Was that Poncho Villa in the background in that one shot ? :-d I Would like to see this place in person too. :thanks


----------



## cmilaprz (Aug 27, 2010)

Texas has been quite famous throughout the world for its high mountain sceneries and the snaps that you have posted over here just proves the point. I think that these are indeed among the best shots taken. The view in each shot is quite different and depicts a different state of mind. Keep up te good work.


----------



## gnuyork (Aug 3, 2010)

jasonp1 said:


> Sorry guys I didn't get back to this sooner, I've been out of town. EXIF didn't lie, thats what I was using. The landscape shots are mostly 4 shot compositions (-2, -1, 0 and +1) layered in photomatix and tweaked in PS. The camera was tripod mounted and fired with a remote.
> Thanks guys for the compliments!


I was going to comment that it looks like you did an HDR treatment, but then as I read further I found that is indeed what you did. Nice look. I usually don't care for HDR, but it works here nicely, and you didn't over do it like a lot of HDR I see.


----------



## Leixlip (Jan 19, 2007)

Thats Texas? wow.
Reminds me a lot of Peru
especially crawling up thru the Andes

I like the big sky.... its very Peru and now Texas too!


----------



## Craig.C (Jul 24, 2010)

Fantastic photos. I live in West Texas and Ive ridden my KTM 525 in the areas you are photographing. It is spectacular and desolate country.


----------



## jasonp1 (Nov 17, 2009)

Craig.C said:


> Fantastic photos. I live in West Texas and Ive ridden my KTM 525 in the areas you are photographing. It is spectacular and desolate country.

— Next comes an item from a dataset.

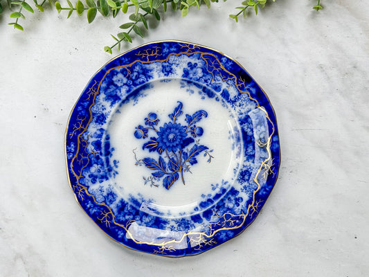 Antique Gilt Flow Blue Floral Ironstone 8” Plate

I used to live out there too in Alpine and Sierra Blanca...love it out there.


----------



## Petu (Sep 20, 2010)

jasonp1 said:


> Sorry guys I didn't get back to this sooner, I've been out of town. EXIF didn't lie, thats what I was using. The landscape shots are mostly 4 shot compositions (-2, -1, 0 and +1) layered in photomatix and tweaked in PS. The camera was tripod mounted and fired with a remote.
> Thanks guys for the compliments!


Nice pics and places but I think that less is more in HDR. It's too common to see it taken way overboard in many many photoforums.


----------



## jasonp1 (Nov 17, 2009)

Petu said:


> Nice pics and places but I think that less is more in HDR. It's too common to see it taken way overboard in many many photoforums.

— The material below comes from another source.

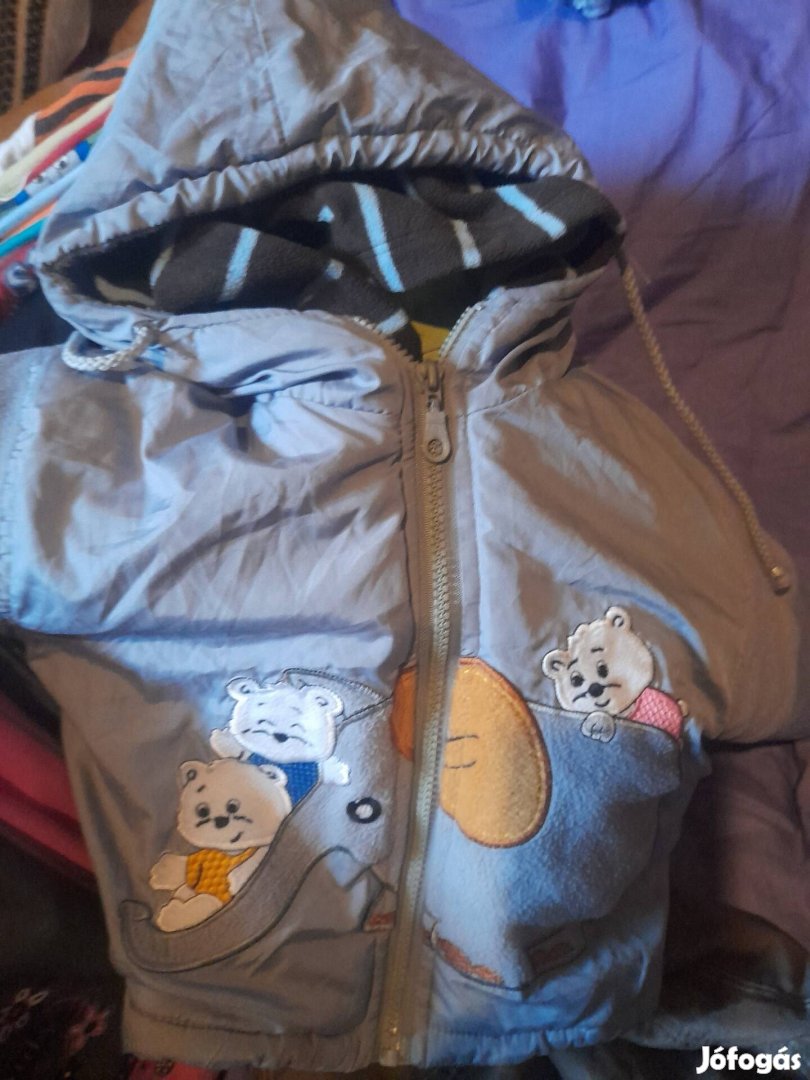 Szep allapotu szurke dzseki barna overall nadrag es egy barna narancssarga csikos pulover

I agree..HDR is a matter of taste. Some love the heavy handed HDR look. In most cases I dont


----------



## jimmy jones (Aug 6, 2009)

wow those are some great shots!


----------



## flyingpicasso (Jun 28, 2010)

Leixlip said:


> Thats Texas? wow.
> Reminds me a lot of Peru
> especially crawling up thru the Andes
> 
> I like the big sky.... its very Peru and now Texas too!


That's Texas, no doubt, but not all of it. We've got miles of beaches, dense forests, desert, hill country and prairie. One of the things I love about this state--so much diversity here. 

And to Jason--beautiful photos, mate!


----------